Russian military planners view the Arctic as a vulnerable area in the event of a conflict with the United States and NATO, she said. They also see real economic potential in establishing infrastructure that will facilitate shipping while accessing resources in the long-term.
Likewise, in the territorial disputes to come, Moscow appears to be preparing to negotiate from a position of strength. In Zysk's opinion, Russian authorities consider the Arctic to be of real importance.
"In general there are good reasons to think that this investment Russian is making in the Arctic is irrational," she said. "Everyone thinks that the Arctic is the last place that Russia should invest. And still Russia is doing it. I think it's genuinely important for the Russian authorities."

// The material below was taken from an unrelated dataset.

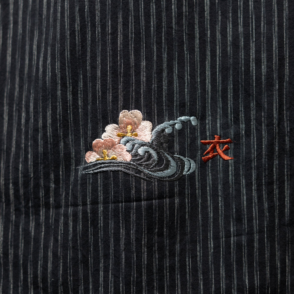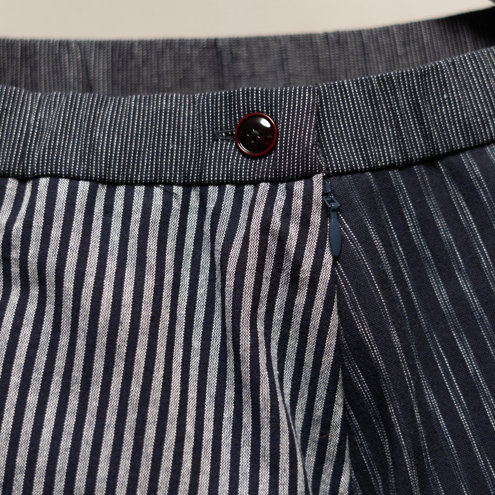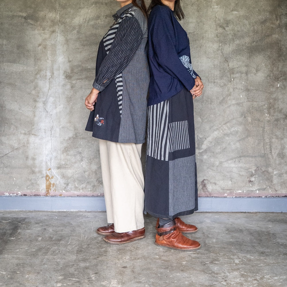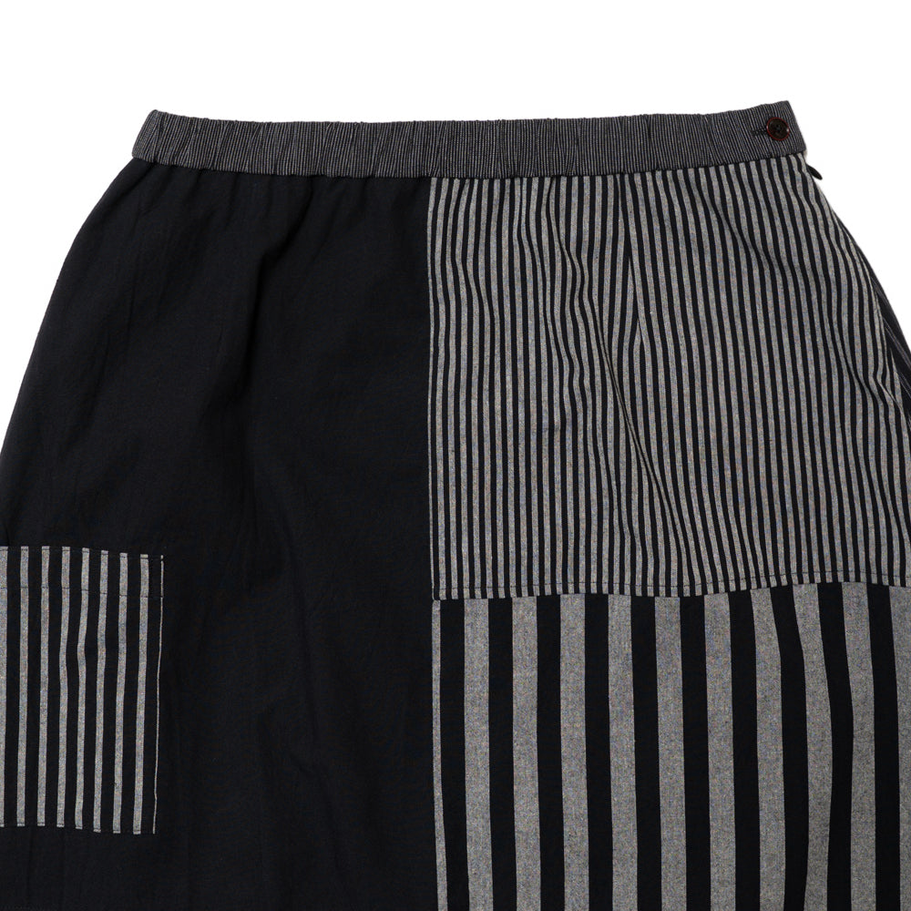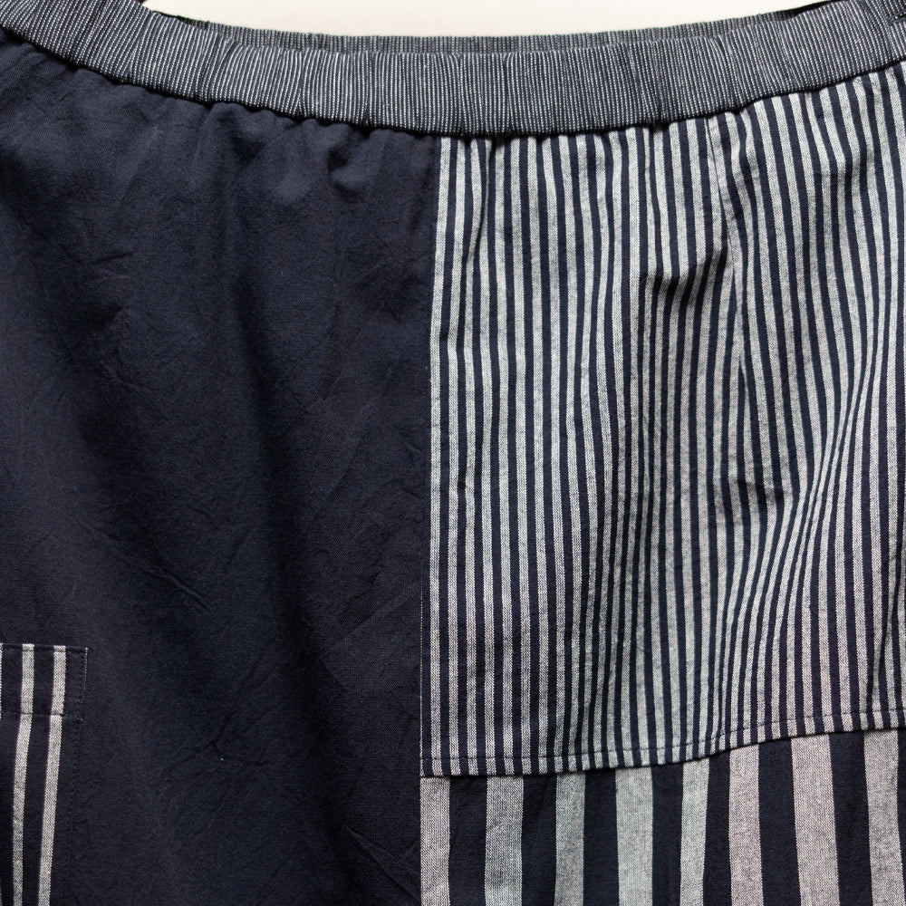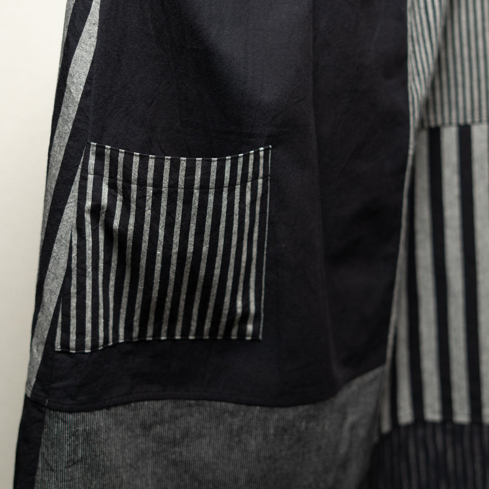 スピードが勝負の現代の織機に逆らうように 古い織り機で大きな音をたてて、ゆっくり進んでいく織物が亀田縞です。七種類の亀田縞の生地を、巧みに組み合わせて出来上がったスカートの裾には、日本海の波と、春を待つ桜の文様の手振り刺繍が入っています。

Some in the United States agree with them. The head of the U.S. Coast Guard, Adm. Paul F. Zukunft, has been calling for the United States to begin seriously boosting its capabilities in the Arctic and warning against leaving Russia's expansion there unchallenged.
"When Russia put Sputnik in outer space, did we sit with our hands in pocket with great fascination and say, 'Good for Mother Russia'?" Adm. Zukunft asked at a conference in Washington, D.C., in 2015.
In some ways, the analysts said, Russia is going into the Arctic now because it can. With the other Arctic powers -- which also includes Canada, Sweden and Norway -- largely absent, Russia can punch above its weight and later might already be too late, when the costs of competing could grow prohibitively high.
"Point is that the Arctic is probably the one region where Russia feels strong compared with the global powers," professor Baev said. "And feeling strong is a feel-good thing."